Segment Open

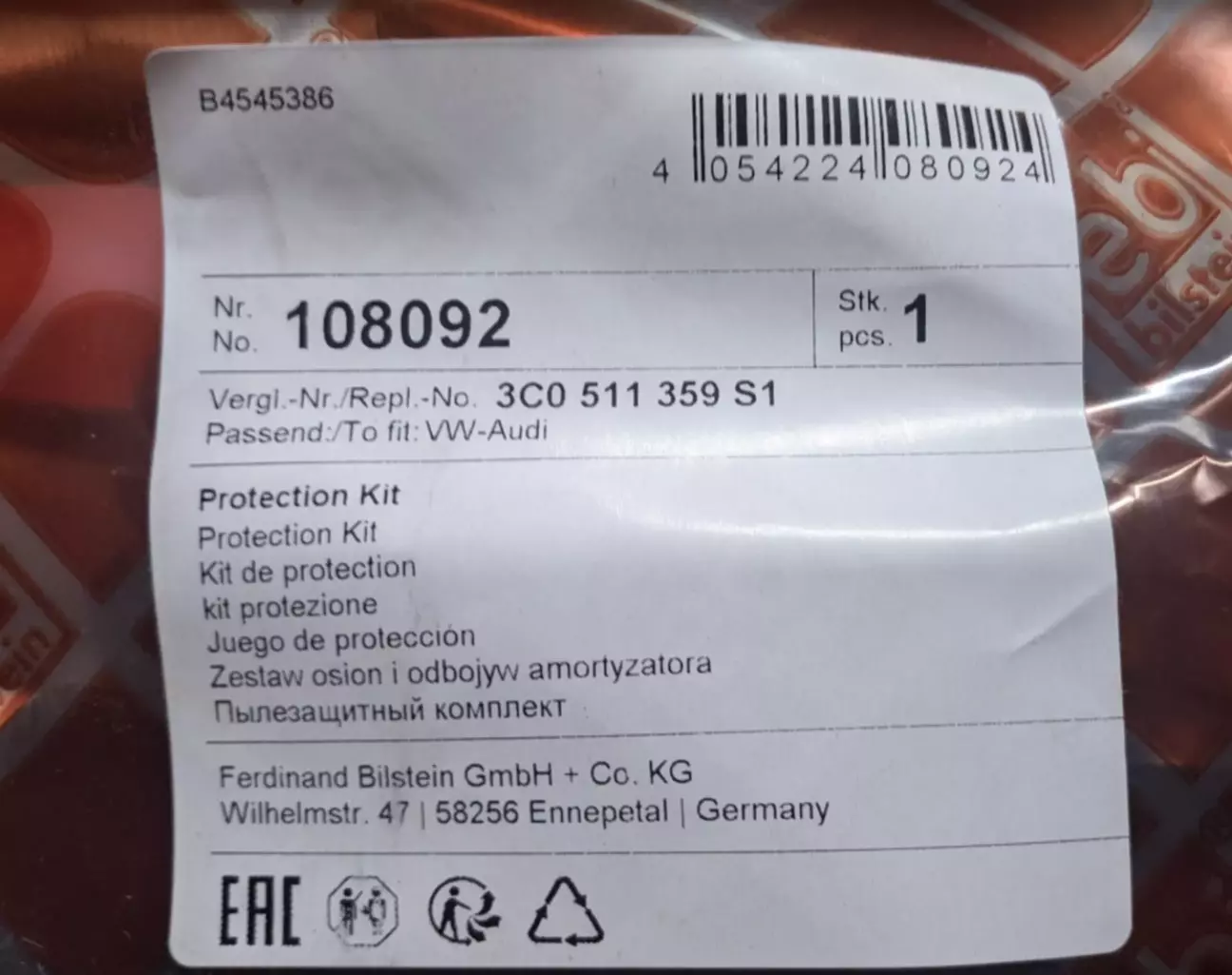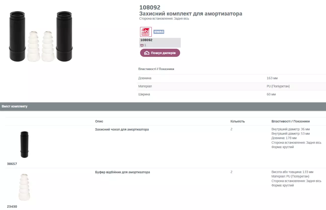 -- Комплект пильник та відбійник: Febi 108092 = по 2 шт. Febi 38657 + Febi 23430 = 487 грн
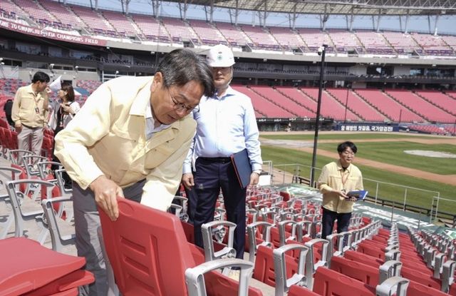 또 프로야구 기아타이거즈 팬들의 관심인 챔피언스필드 관람석 좌판, 등판, 컵홀더 등 교체 작업 현장을 직접 살폈다.
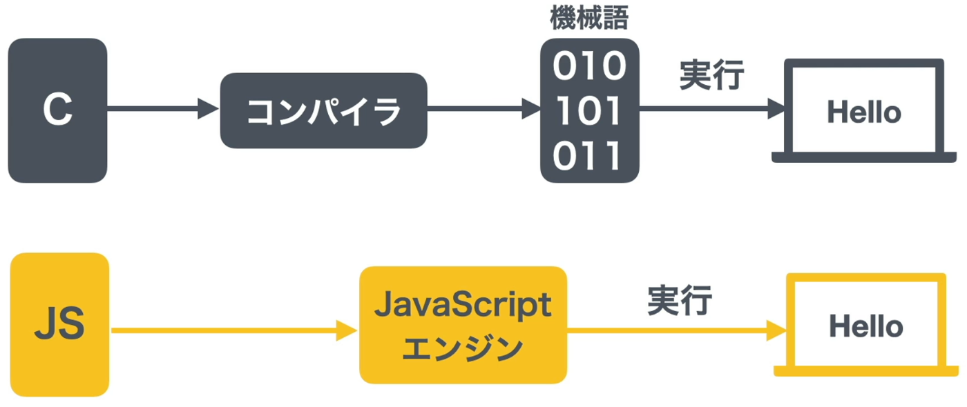 - JavaScriptの場合:JavaScript エンジンがコードを読み取り、その場で機械語に変換して実行する
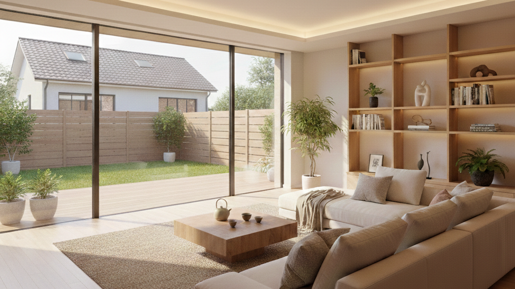 「朝日が差し込む、開放的なリビング」
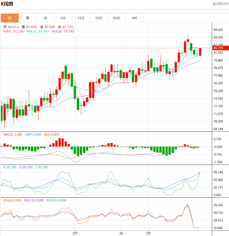 原油上周周线收于80.7,周线探高后无力连阳强势上涨,日线图三连阴回撤后,回撤力度有所减缓,本周留意能否重新启稳回升,启稳则看再度上扬收复失地,并且有蓄势突破之势。4小时图迂回反复拉锯,目前暂时保持在上升台阶通道中运行,只是拉锯的幅度略大,空间上已基本回撤到位,留意这个星期刚开始的时候能不能在80.0附近启稳,启稳后继续转换上升。
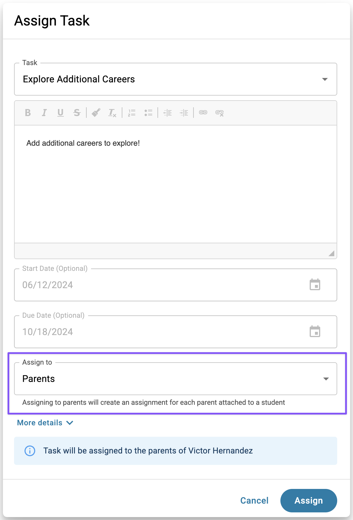 - Click Assign to finish. The parent will receive their own copy of the Task. If the student has multiple parents in Scoir, each parent will receive the Task.
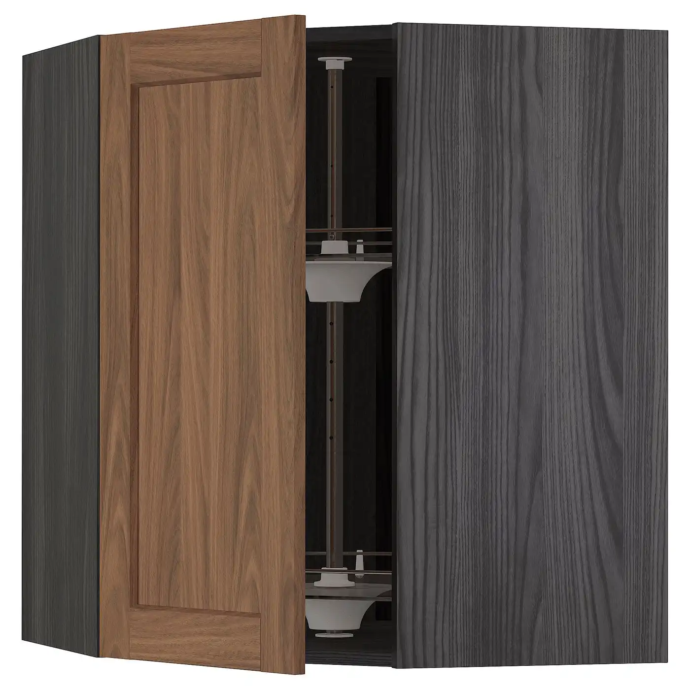 METOD Corner wall cabinet with carousel - black Enköping/brown walnut effect 68x80 cm
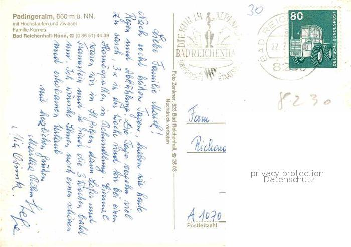 72882917 alte Postkarte Bad Reichenhall Padingeralm postalisch gelaufen Erhaltung siehe scans [AndreD76] KatCode: 11110009172114
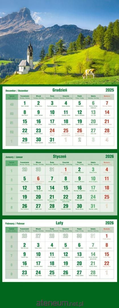 Główka pełnokolorowa, okienko przesuwane, nazwy miesięcy i tygodni w wersjach językowych, miejsce na nadruk reklamowy.
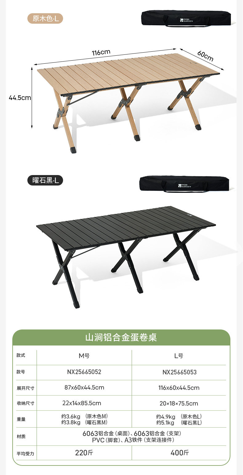牧高笛山涧户外蛋卷桌折叠便携桌子野营桌椅露营长方形庭院小茶桌
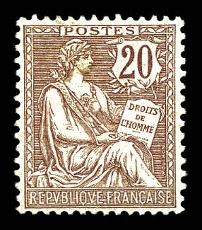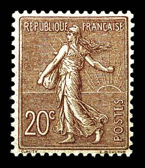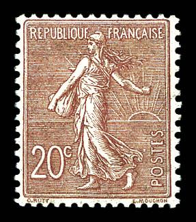 N°131, 20c Semeuse: brun-lilas, très bon centrage. SUP Qualité: ** Cote: 390 euros (Image)
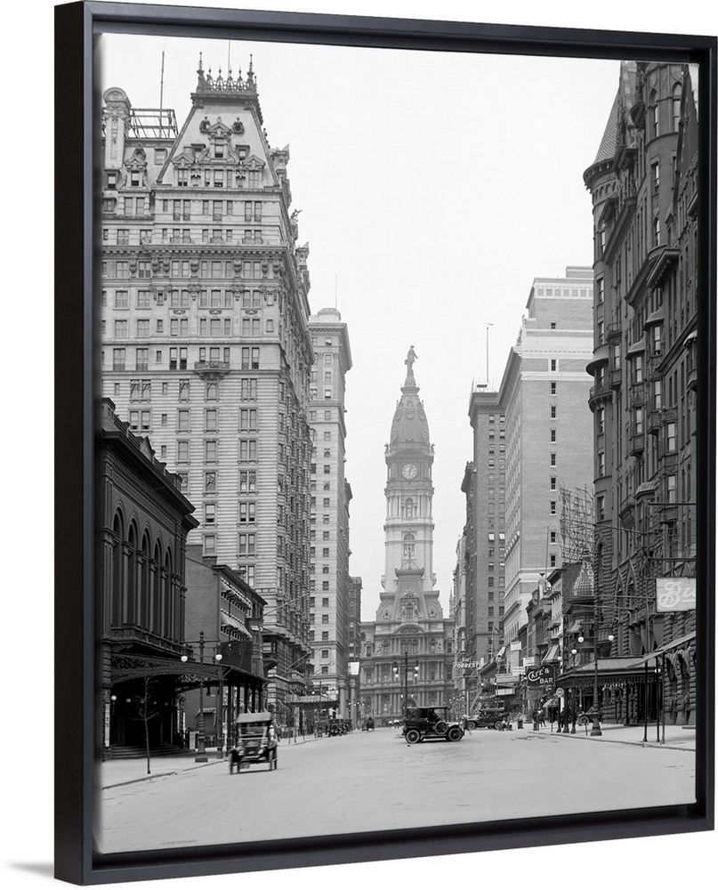 <p>This is a vintage photograph in black and white of downtown Philadelphia. Tall buildings line the street that has cars driving in it with a clear view of the city hall tower at the end.</p>
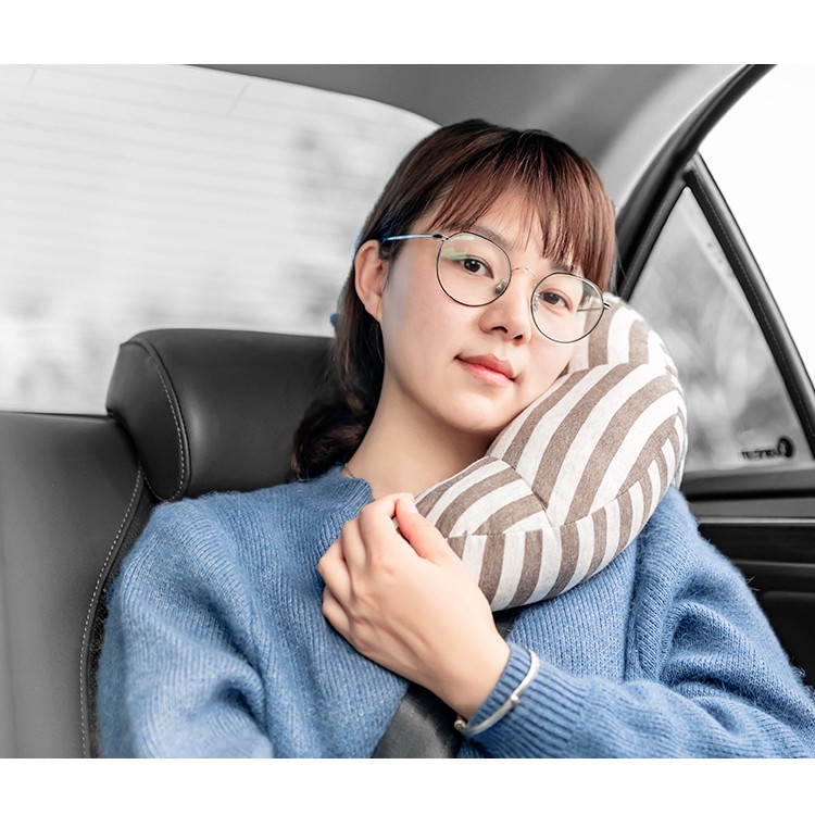 Bộ 2 Cái Gối Bông Kid Sleep In Car ( Nâu Trắng ) - Home and Garden
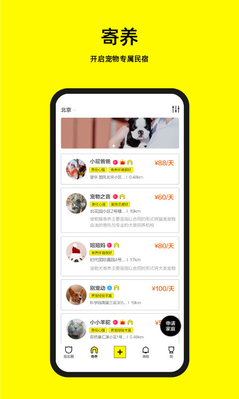 全国200多个城市,上万个超有爱的宠物寄养家庭。寄养家庭利用空余时间赚取利益,陪伴更多宠物。宠物主人临时出行,寄养方便,规划时间更自由。
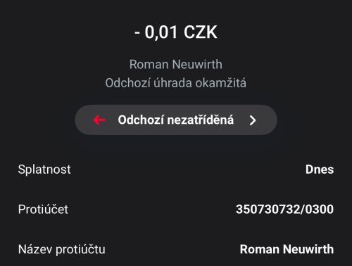 Poslat zprávupřidal/a skutečné jméno majitele účtu: Roman Neuwirth k bankovnímu účtu: 350730732/0300
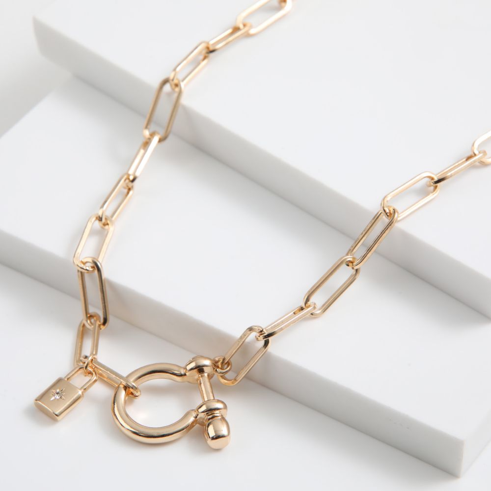 Collar corto en metal dorado, consta de una cadena ancha con dije tipo cierre de herradura grande y candado pequeño por el frente.

Segment Closed

Drop the pictures and copy the data exactly.

 -- Комплект пильник та відбійник: Febi 108092 = по 2 шт. Febi 38657 + Febi 23430 = 487 грн
 또 프로야구 기아타이거즈 팬들의 관심인 챔피언스필드 관람석 좌판, 등판, 컵홀더 등 교체 작업 현장을 직접 살폈다.
 - JavaScriptの場合:JavaScript エンジンがコードを読み取り、その場で機械語に変換して実行する
 「朝日が差し込む、開放的なリビング」
 原油上周周线收于80.7,周线探高后无力连阳强势上涨,日线图三连阴回撤后,回撤力度有所减缓,本周留意能否重新启稳回升,启稳则看再度上扬收复失地,并且有蓄势突破之势。4小时图迂回反复拉锯,目前暂时保持在上升台阶通道中运行,只是拉锯的幅度略大,空间上已基本回撤到位,留意这个星期刚开始的时候能不能在80.0附近启稳,启稳后继续转换上升。
 - Click Assign to finish. The parent will receive their own copy of the Task. If the student has multiple parents in Scoir, each parent will receive the Task.
 METOD Corner wall cabinet with carousel - black Enköping/brown walnut effect 68x80 cm
 72882917 alte Postkarte Bad Reichenhall Padingeralm postalisch gelaufen Erhaltung siehe scans [AndreD76] KatCode: 11110009172114
 Główka pełnokolorowa, okienko przesuwane, nazwy miesięcy i tygodni w wersjach językowych, miejsce na nadruk reklamowy.
牧高笛山涧户外蛋卷桌折叠便携桌子野营桌椅露营长方形庭院小茶桌
 N°131, 20c Semeuse: brun-lilas, très bon centrage. SUP Qualité: ** Cote: 390 euros (Image)
 <p>This is a vintage photograph in black and white of downtown Philadelphia. Tall buildings line the street that has cars driving in it with a clear view of the city hall tower at the end.</p>
 Bộ 2 Cái Gối Bông Kid Sleep In Car ( Nâu Trắng ) - Home and Garden
 全国200多个城市,上万个超有爱的宠物寄养家庭。寄养家庭利用空余时间赚取利益,陪伴更多宠物。宠物主人临时出行,寄养方便,规划时间更自由。
 Poslat zprávupřidal/a skutečné jméno majitele účtu: Roman Neuwirth k bankovnímu účtu: 350730732/0300
 Collar corto en metal dorado, consta de una cadena ancha con dije tipo cierre de herradura grande y candado pequeño por el frente.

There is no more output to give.